## INFORMATION PROVIDED
Content starts

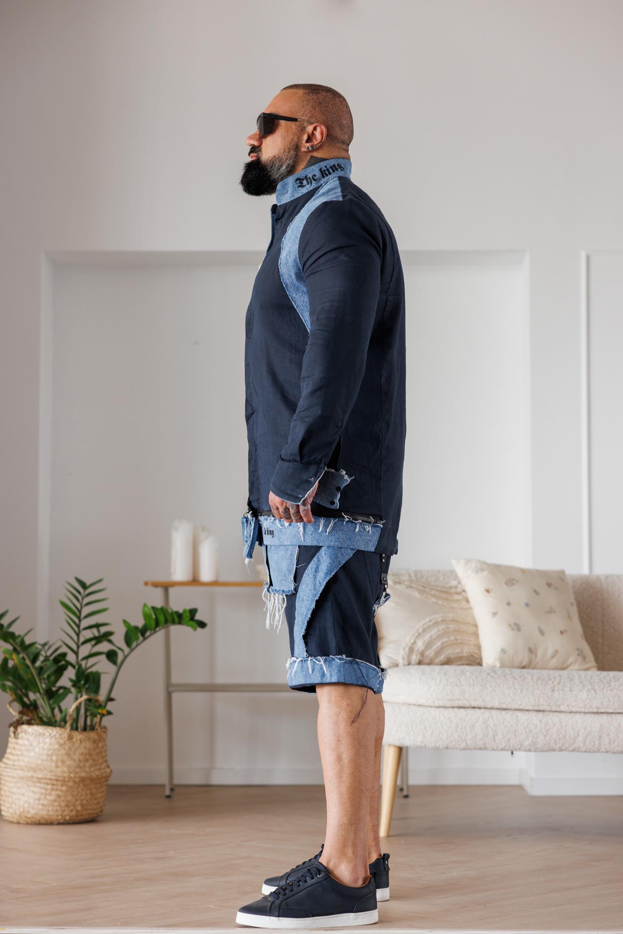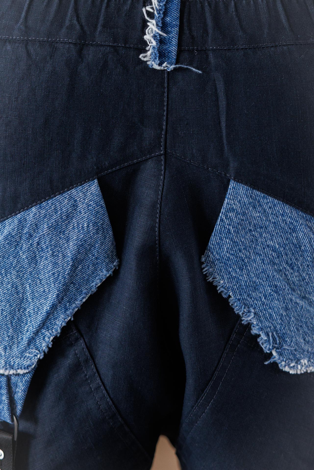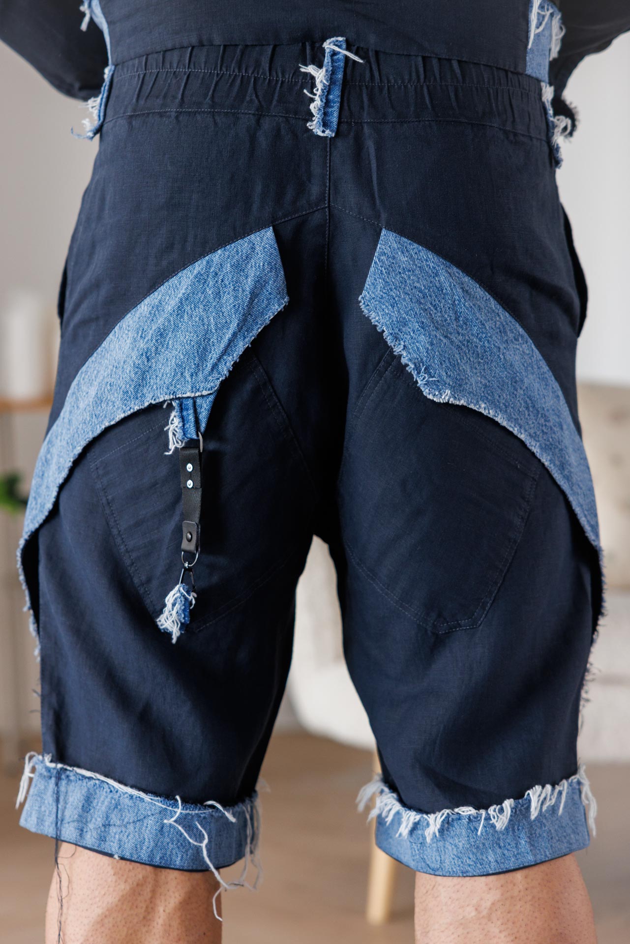 • Този модел къси панталони впечатлява със съвременно и дръзко излъчване, съчетавайки стилен тъмен плат с контрастни деним елементи и ефектно изтъркан финиш.
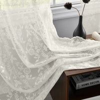 Finecity Lace Curtains For Living Room - Country Branch Leaf Floral Sheer Lace Curtains 96 Inch Length, Scalloped Macrame Cream
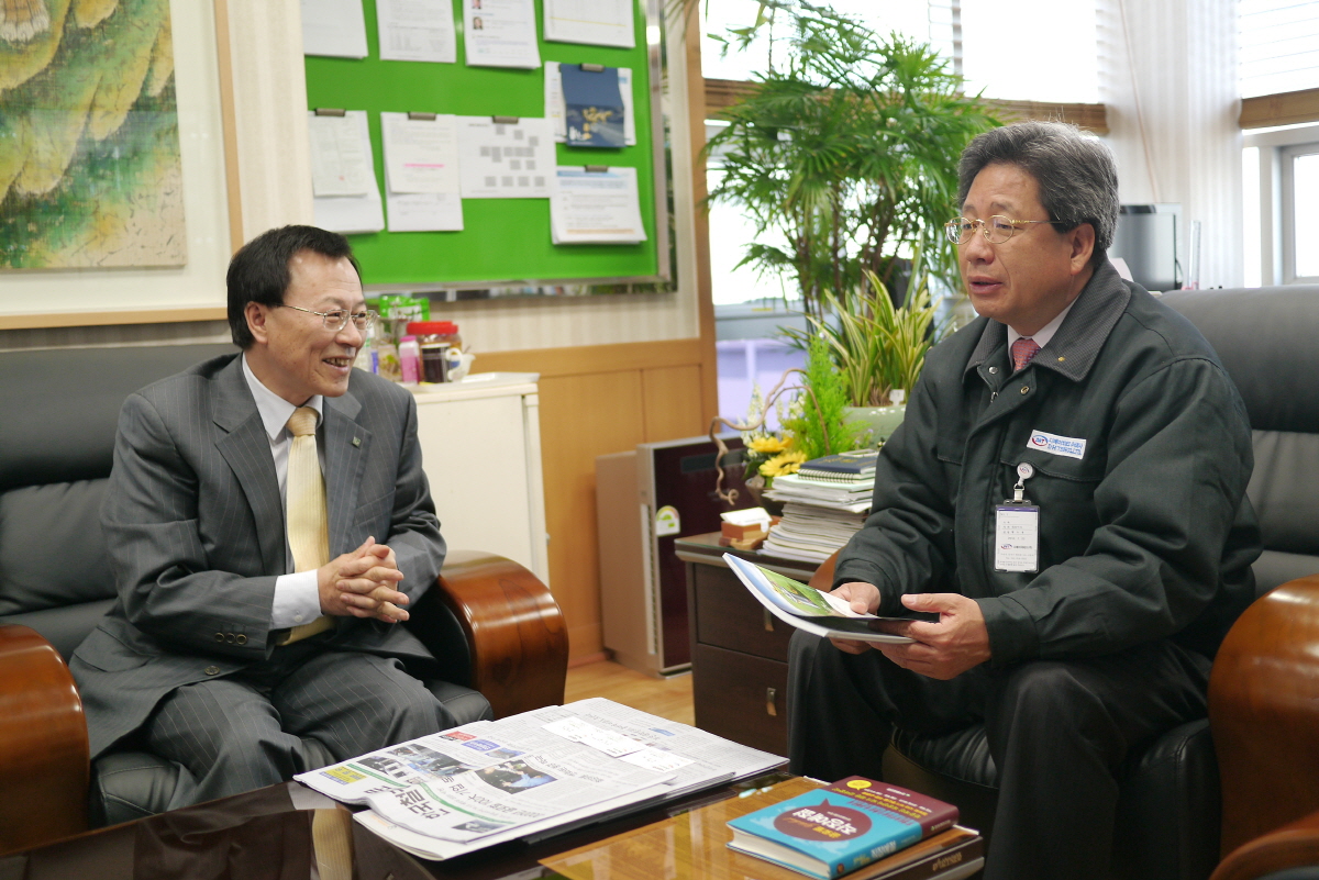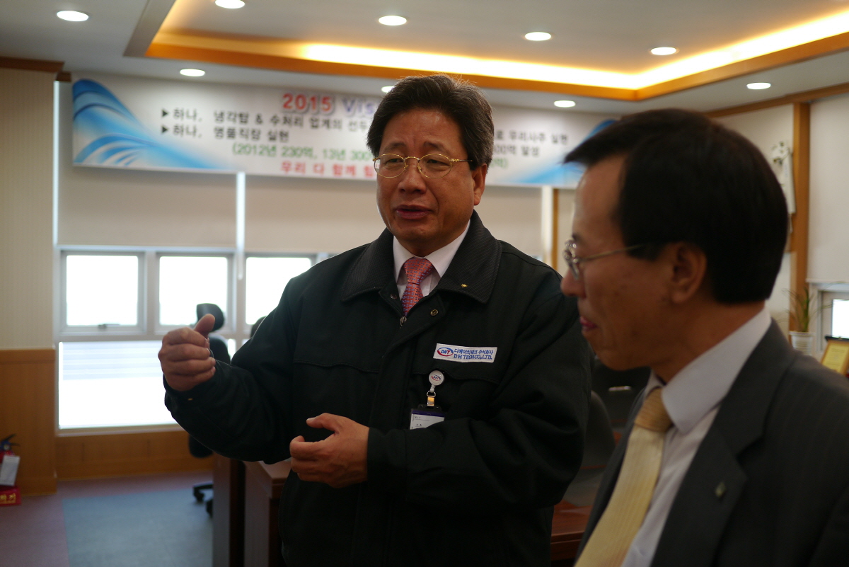 5일 本紙 송재봉 사장(편집인) 이 방문한 자리에서 디에이치테크 황소용 사장이 자사에서 제작하고 있는 냉각탑과 수처리 설비에 대한 기술력을 뽐냈다.

Content ends

## YOUR TASK
Set down the material above exactly. Skip any picture.

## TASK RESPONSE
 • Този модел къси панталони впечатлява със съвременно и дръзко излъчване, съчетавайки стилен тъмен плат с контрастни деним елементи и ефектно изтъркан финиш.
 Finecity Lace Curtains For Living Room - Country Branch Leaf Floral Sheer Lace Curtains 96 Inch Length, Scalloped Macrame Cream
 5일 本紙 송재봉 사장(편집인) 이 방문한 자리에서 디에이치테크 황소용 사장이 자사에서 제작하고 있는 냉각탑과 수처리 설비에 대한 기술력을 뽐냈다.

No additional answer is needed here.